In February, the organization built and delivered 31 custom-built Karts in one shot. But the massive grant from Child's Play dramatically boosts GOF's ability to crank them out. By next March, the charity plans to put 262 Go Karts in some 200 hospitals in the United States and Canada.
Roughly a quarter of that grant will go toward moving the manufacturing process from vacuum molding -- which is inefficient at larger scales -- to injection molding for the plastic parts. Wigal estimates that the price of building a Kart will drop to $1,400 from $2,600 thanks to the upgrade.
"That one grant probably saves between $50,000 and $80,000 for this particular batch. Now that we have the tools, those savings only add up," Wigal says. "If we wanted to make 500 Go Karts next year, those tools would save another $100,000 to $200,000."
The injection molding will also make the Karts more durable. While they're already pretty indestructible, the abuse they absorb does lead to lots of chipped paint. But now GOF can simply use orange and gray plastic. Plus, injection molding should produce more consistent parts that will be easier to assemble and look a lot better too.

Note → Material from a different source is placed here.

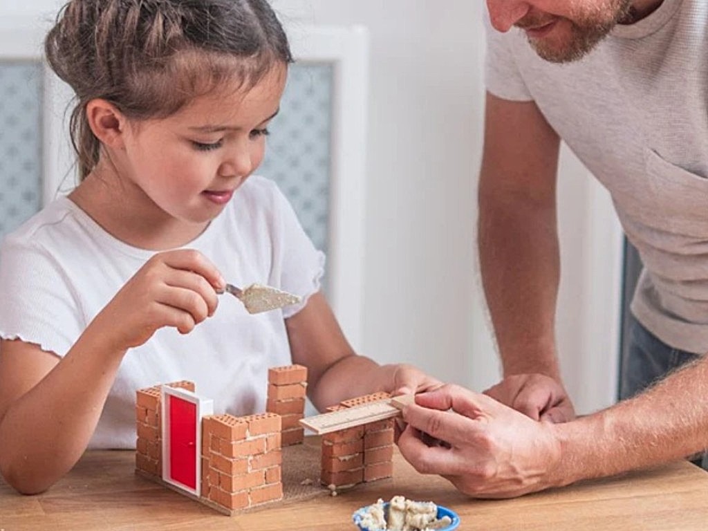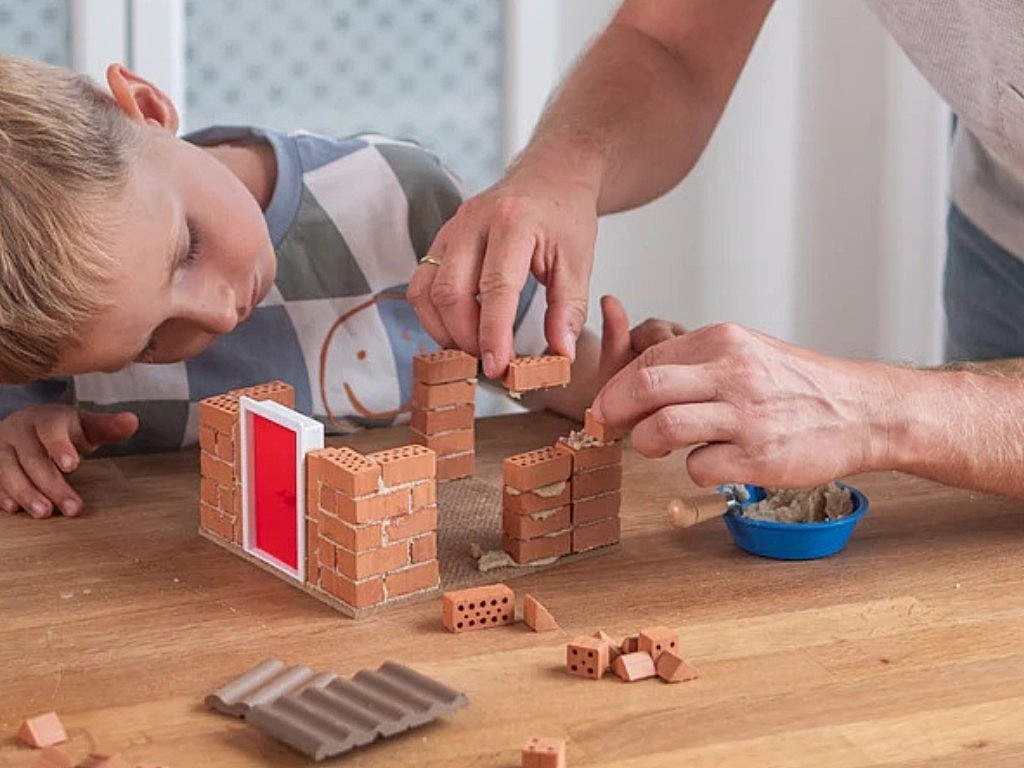 Dětská stavebnice s cihlami nabízí jedinečnou možnost postavit si dům, opravdovou stavbu, jen ve zmenšené podobě. Miniaturní hladítko a miska malty poskytují skutečný pocit ze stavby. Cihly z pravé hlíny se stejně jako originál vypalují ve vypalovací komoře do 1000 °C. Součástí je samozřejmě i základní deska. Ilustrovaný návod provede děti krok za krokem celým procesem stavby. Malta je vyrobena z přírodní směsi písku a kukuřičného extraktu. Je zdravotně nezávadná, rozpustná ve vodě a snadno omyvatelná z oblečení i nábytku. Na přípravu malty smícháte poměr vody a sypké směsi cca 1:2. Po dokončení stavby můžete ponořením domu do vody maltu rozpustit. Rychlost rozpuštění závisí na teplotě vody. Cihly lze neomezeně používat znovu pro další novostavby, kdy pouze pořídíte novou maltu pro další stavění.

All of this cash will also give GOF the ability to expand beyond US borders. In addition to the grant, Child's Play is ordering Karts for each of the over 100 hospitals where it operates, including to a pair in Canada.
For Wigal, the investment from Child's Play also represents something of a personal triumph. "Child's Play has very much inspired [GOF's] existence," he says. "I don't know if we'd have known to give video games to a local children's hospital if it hadn't been for people like Child's Play." That one of the pioneers of gaming nonprofits has recognized his efforts only proves to Wigal that his dream is worth pursuing.